“She doesn’t have her own personality, she just acts like whoever she’s with.”
An observant, but cruel bully said this about me, I think I was about 12 years old at the time. As mean as this classmate was to me, this statement was actually spot on, but it was people like her that contributed to my attempts at blending in that she was now criticizing.
Who wouldn’t want to blend in with the crowd in an attempt to escape relentless bullying and try to fit in for a change?

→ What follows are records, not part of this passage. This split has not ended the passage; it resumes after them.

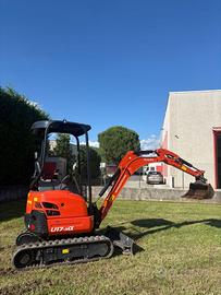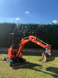 Vendo Miniescavatore KUBOTA U 17-3 A anno 2023 ore di lavoro 490, motore 3 cilindri raffreddato ad acqua,macchina con braccio lungo, carro allargabile, doppia velocità di traslazione,impianto martello doppio effetto. Peso 17.70ql.attacco rapido 2 benne.
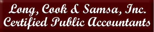 Welcome to the Long, Cook & Samsa, Inc. Website. This Website has been designed to become a helpful resource tool to you, our valued clients and visitors. You will see that not only have we highlighted background information on our firm (in our Profile section) and the services we provide (in our Services section), but have also included useful resources such as informative articles (in our Newsletter section) and we have taken the time to gather many links to external Websites that we felt would be of interest to our clients and visitors (in our Helpful Links section).
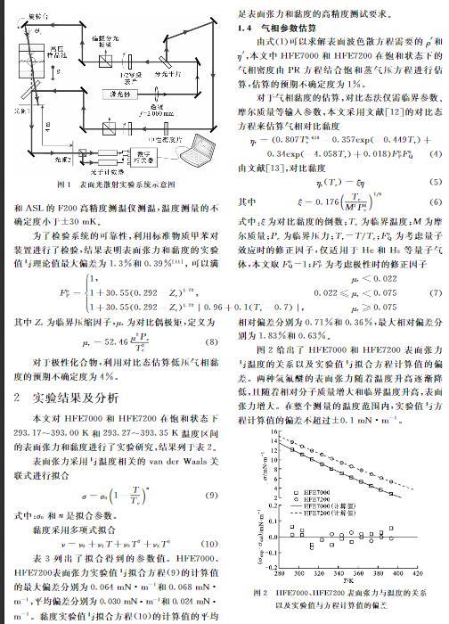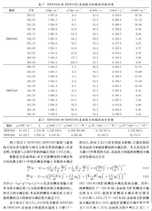 本文對HFE7000和HFE7200在飽和狀態(tài)下293.17~393.00 K和293.27~393.35 K溫度區(qū)間的表面張力和黏度進行了實驗研究,結(jié)果列于表2。
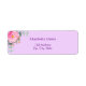 A violet, lilac coloured background. A pink rose, floral and eucalyptus greenery and faux gold foliage. Personalise and add your name and address. Purple coloured text.
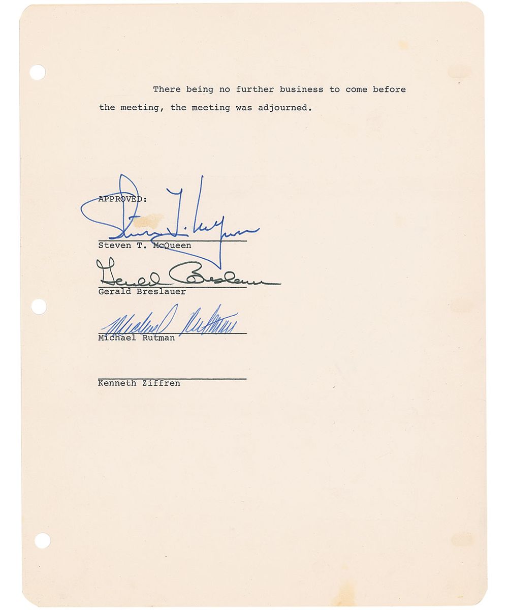 DS, signed “Steven T. McQueen,” one page, 8.5 x 11, no date. Evidently the last page of the minutes of a meeting, which reads, in full: “There being no further business to come before the meeting, the meeting was adjourned.” The document bears McQueen’s large, bold signature, “Steven T. McQueen,” as well as the signatures of two others, Gerald Breslaur and Michael Rutman. In very good condition, with small area of tan discoloration above the first name of McQueen’s signature, three punch holes to left margin, and scattered small areas of trivial soiling, and light creasing.
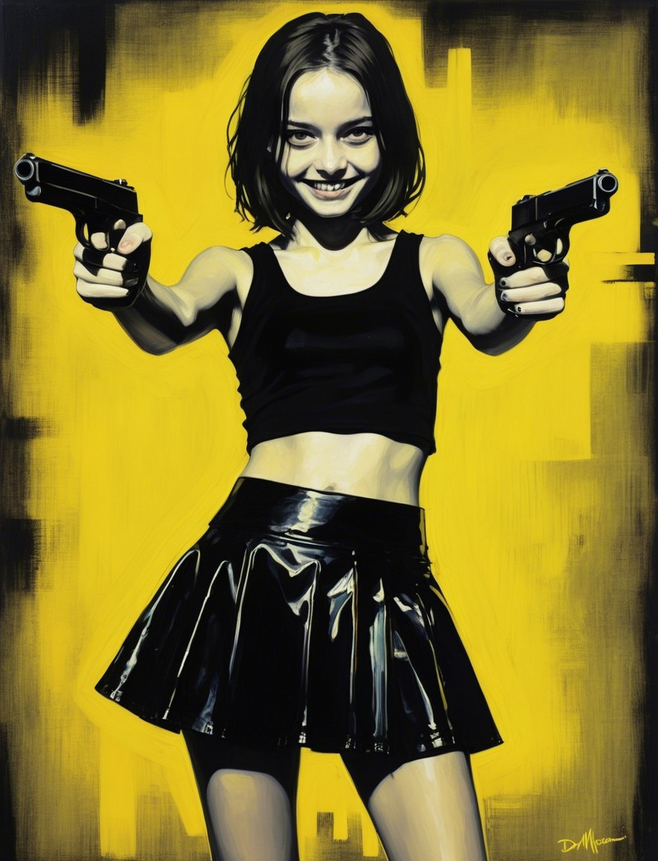 Prompt: portrait, girl with mischievous sly smile pointing two guns at the viewer, skirt and tank top, dark, abstract, ominous, yellow background, style of Dave McKean, Christopher Bucklow, Stephen Gammell and Jeremy Mann
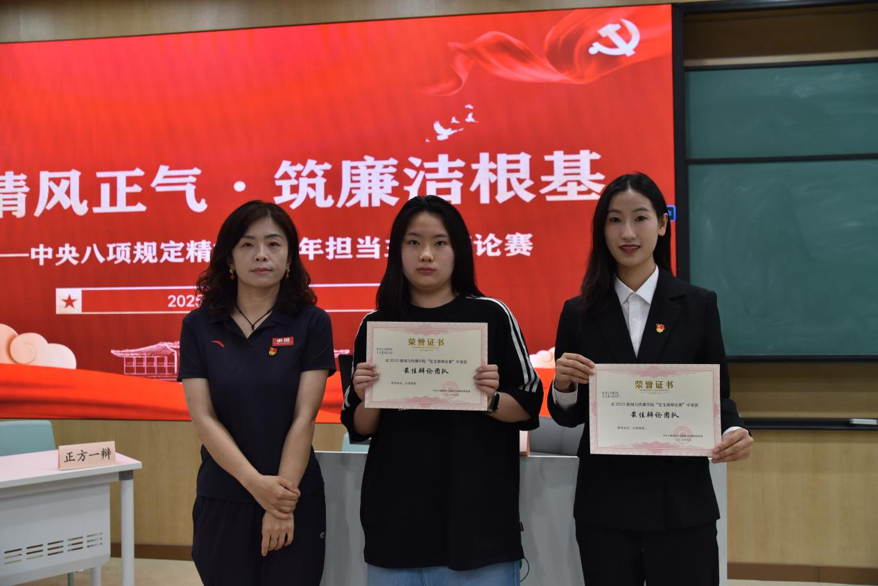 本场辩论赛学生第一党支部和学生第二党支部获得最佳组织奖,学生第二党支部和学生第三党支部获得最佳辩论团队,刘宏和王泽琪获得最佳辩手称号。领导老师为获奖团队和个人进行颁奖并合影留念。
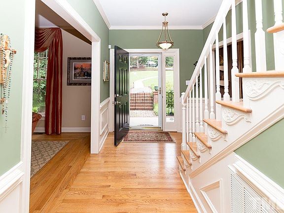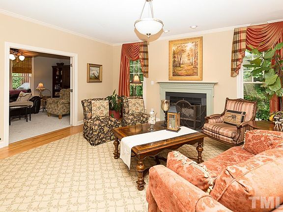 Fabulous home on cul-de-sac w/ wooded lot! Like living at a country retreat right here - close to 540, Brier Creek, RTP. Five star commercial gas range w/griddle, country sink, granite, tile backsplash, butcher block island, wet bar w/wine cooler. New CARPET & ROOF! Newer hot water heater and TRANE A/C units. Hardwoods throughout main floor and along hallway upstairs. Prof. Landscaped w/fire pit and landscape lights, deck and stone patio. Wired workshop located in walk in crawlspace. No city taxes!!
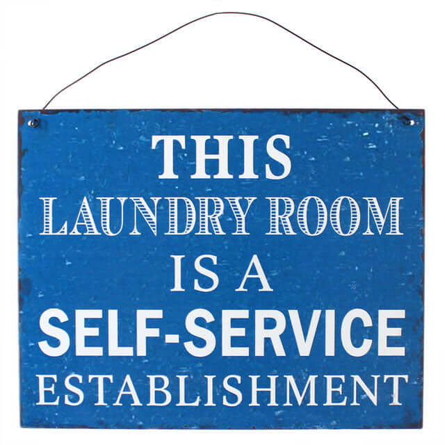 Retro Metal Wall Plaque - This laundry room is a self service establishment
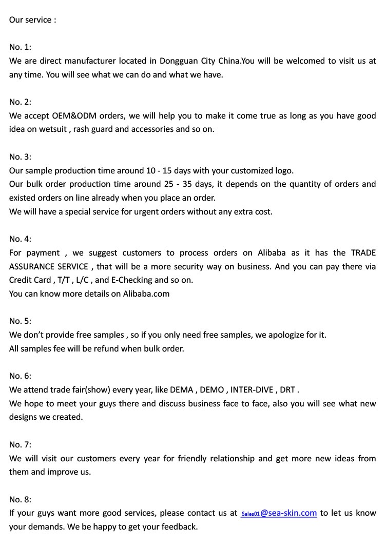 Shenzhen Seaskin Sports Goods Co., Ltd. is one of the professional neoprene products ( wetsuits ) factories in China.
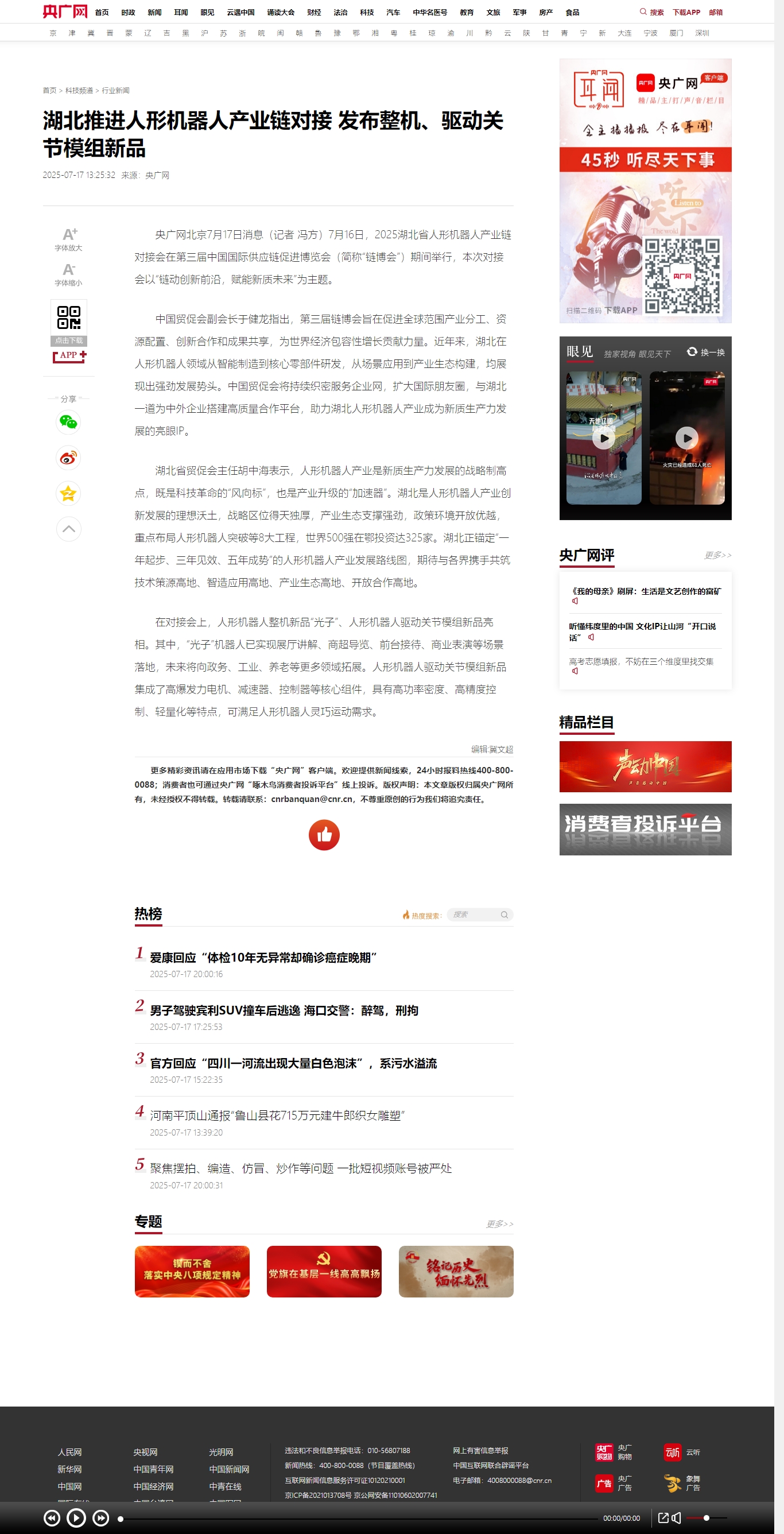 央广网:湖北推进人形机器人产业链对接 发布整机、驱动关节模组新品
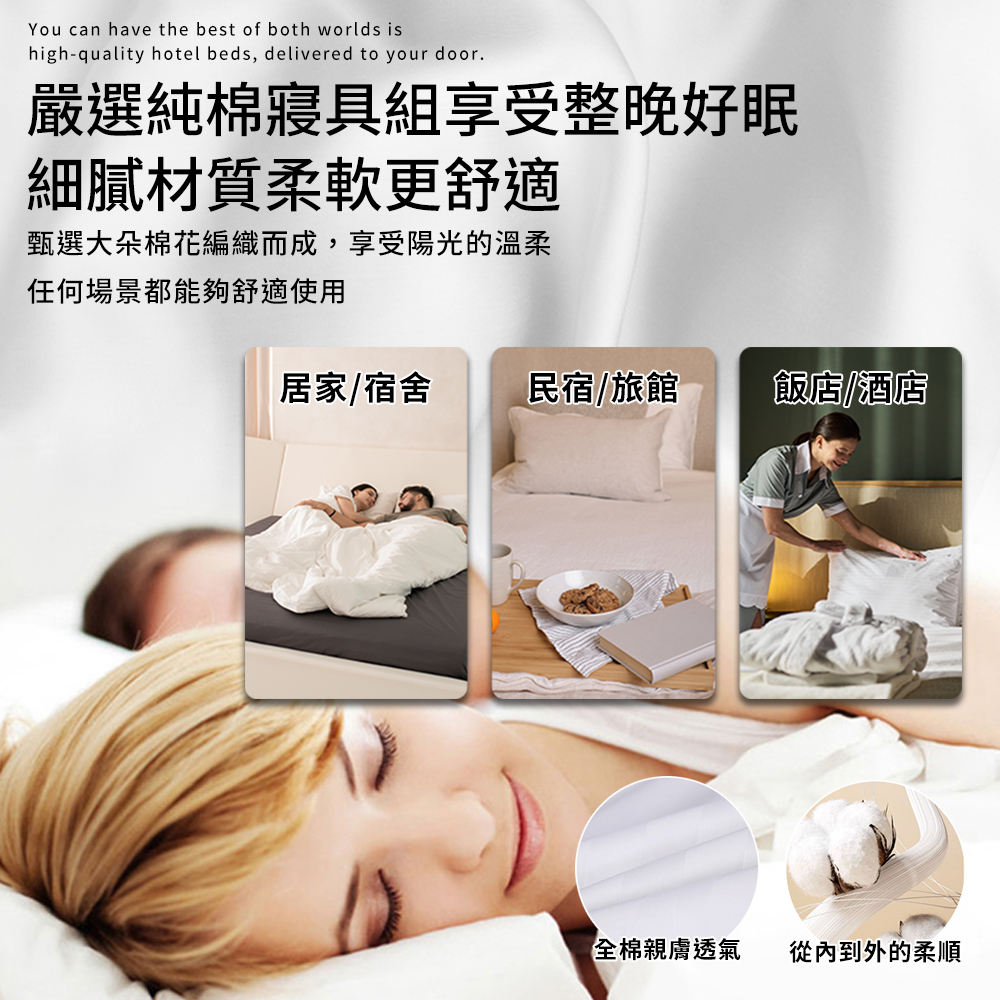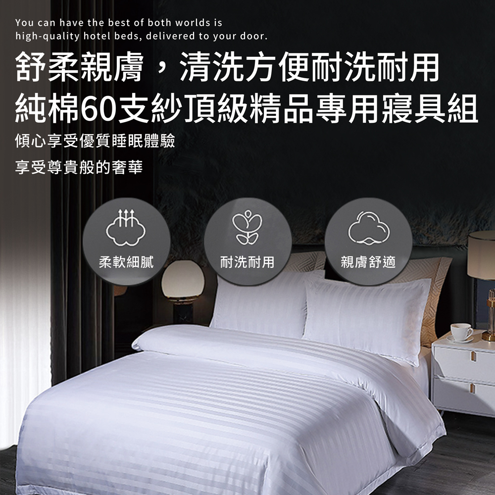 產品品名:【Hilton 希爾頓】五星級精梳純棉60支紗頂級精品專用加大床包枕套三件組
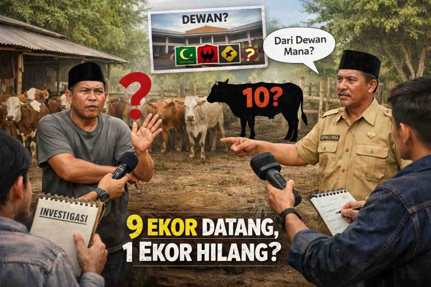 Namun fakta di lapangan menunjukkan hal lain. “Memang bantuan sapi itu sepuluh ekor, tapi waktu diterima cuma sembilan ekor, yang satu tidak ada,” ujar warga sekitar.
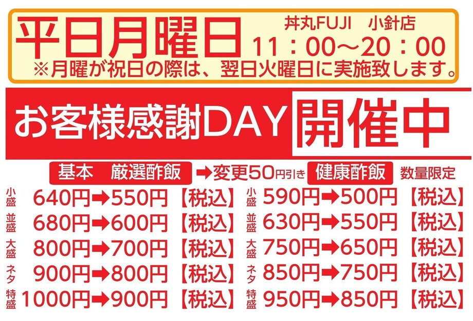 こちらの健康酢飯に変更した場合は基本価格より50円引きさせて頂きます。(並盛680円➡630円税込)健康酢飯をご希望のお客様はご用命ください。健康酢飯は数量限定となります。
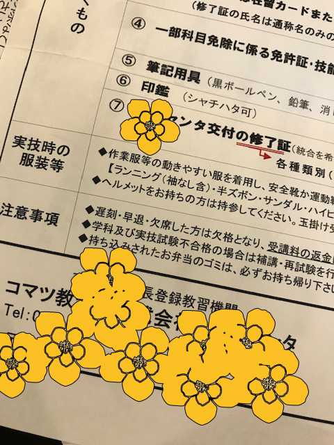 本日2個目の記事です〜週末の草刈り&整地作業の筋肉痛が1日遅れで火曜日にやってきたのですが、良くなってきた矢先、昨日は友達とバドの練習を2時間強ほどやりまして、また筋肉痛9月に試合に出るのに真夏全然練習できてなくてすっかり体力も落ちてしまって、毎日ランニングぐらいはしておかないとなぁ〜思いつつも、暑いしダラダラしたくなるし、つい楽な方へ気持ちがいっちゃって、結局数日しか続かず毎日が過ぎていきますそして今週末2日間はユンボの資格を取るため重機専門の教習所へ行きます。持ち物等確認するため、受講票をチェック。コース:「小型車両系建設機械(整地、運搬、積み込み用及び採掘用)の運転の業務13H」来所時間:8:00服装:作業着等の動きやすい服を着用し、安全靴か運動靴を、、、作業着はさすがに持ってないので、チノパンにスニーカーで行くしかないわね。ヘルメットは貸してくれるのかー、臭く無いかな作業着のあんちゃんばっかりで、多分浮いちゃうだろなぁ。そして、集合8:00は早いしのんびりな週末は今週も無いものと思った方が良さそう。そして、素敵アラフィフライフをブログで書きたいと思っていたけど、どんどん遠のいています
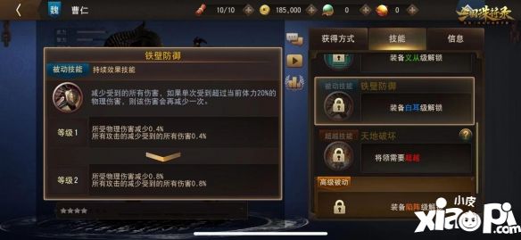 曹仁的被动技能【健壮之躯】和【铁壁防御】使他具备强大的防御能力。【健壮之躯】让他不会僵化,并增加体力;而【铁壁防御】则能减少所受到的所有伤害,特别是在单次受到超过当前体力20%的物理伤害时,将进一步减少伤害。
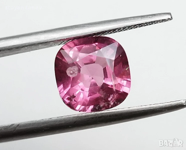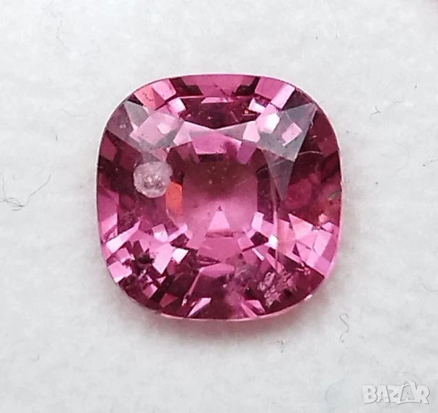 Естествен шпинел с тегло 1.71кт. и произход Мианмар. Чистота SI с минимални включения видими с невъоръжено око. Цвета е розов. Симетрична къшън форма с размери: 6.9 X 6.9 X 4.4 mm.
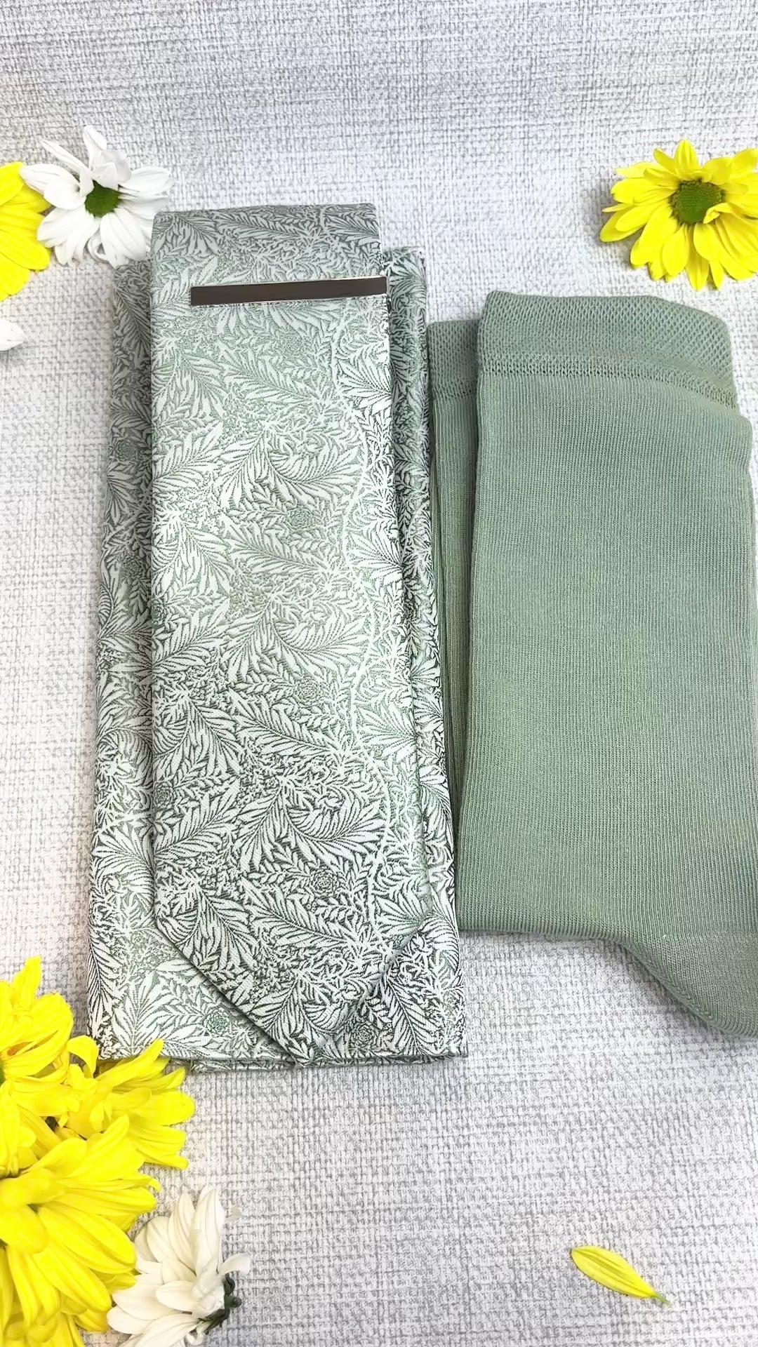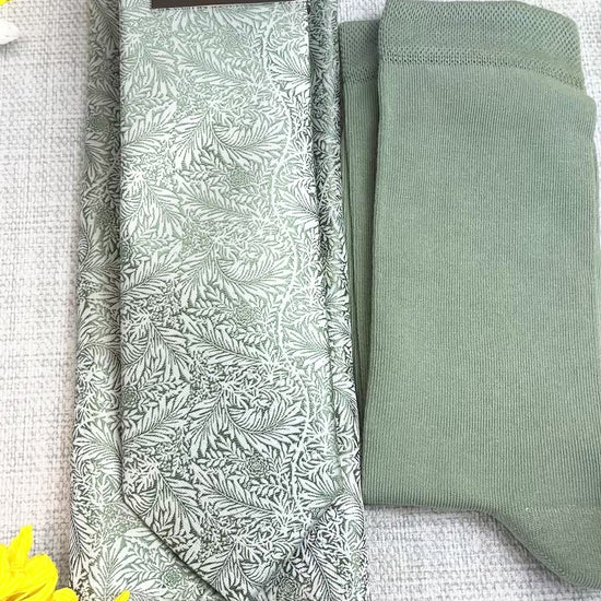 A patterned, Sage & Silver Leaves wedding tie, the perfect accessory for the groom and groomsmen on your wedding day!

Not to mention, having undiagnosed ADHD and being not-yet-identified as twice exceptional (2e) meant that I really did have an unstable sense of self. I knew I was different, and was being told every single day the ways in which being different made me less than my peers. Adults stood idly by and allowed this to continue, so I didn’t have a refuge with them either.
Little by little, I learned to adapt and change myself in order to avoid the constant mocking, belittling, and insults. Right at a time when teens are beginning to “find” themselves, here I was doing my darnedest to lose myself.
As Crocetti states, “The biological, cognitive, and social changes that occur in adolescence stimulate young people to think about themselves, reflect on the kind of people they want to become, and find their place in society.”
At a time when teens are beginning to find themselves, I was doing my darnedest to lose myself.
Not me, I was busy reflecting on everything I had to become in order to stop the daily psychological torture that was my education. Crocetti concludes, “the extent to which adolescents find a stable identity is intertwined strongly with their psychosocial functioning and well-being”.
Well, crap.
What is Masking?
Masking is defined as an attempt to hide or conceal undesirable traits. Who defines “undesirable”? According to McRuer’s crip theory, disabilities are culturally constructed categories that mark some individuals as deviant in order to support the primacy of the normative order.
Well, that is certainly relatable. My peers decided, based on their own perceptions and experiences of how one should behave, that I was undesirable.
In the neurodivergent community, we conceptualize masking as hiding the outward symptoms of our disabilities in order to fit in with the majority neurotypical society.
When we mask our neurodivergence, we attempt to “achieve” and demonstrate neurotypical behaviour by using compensatory strategies.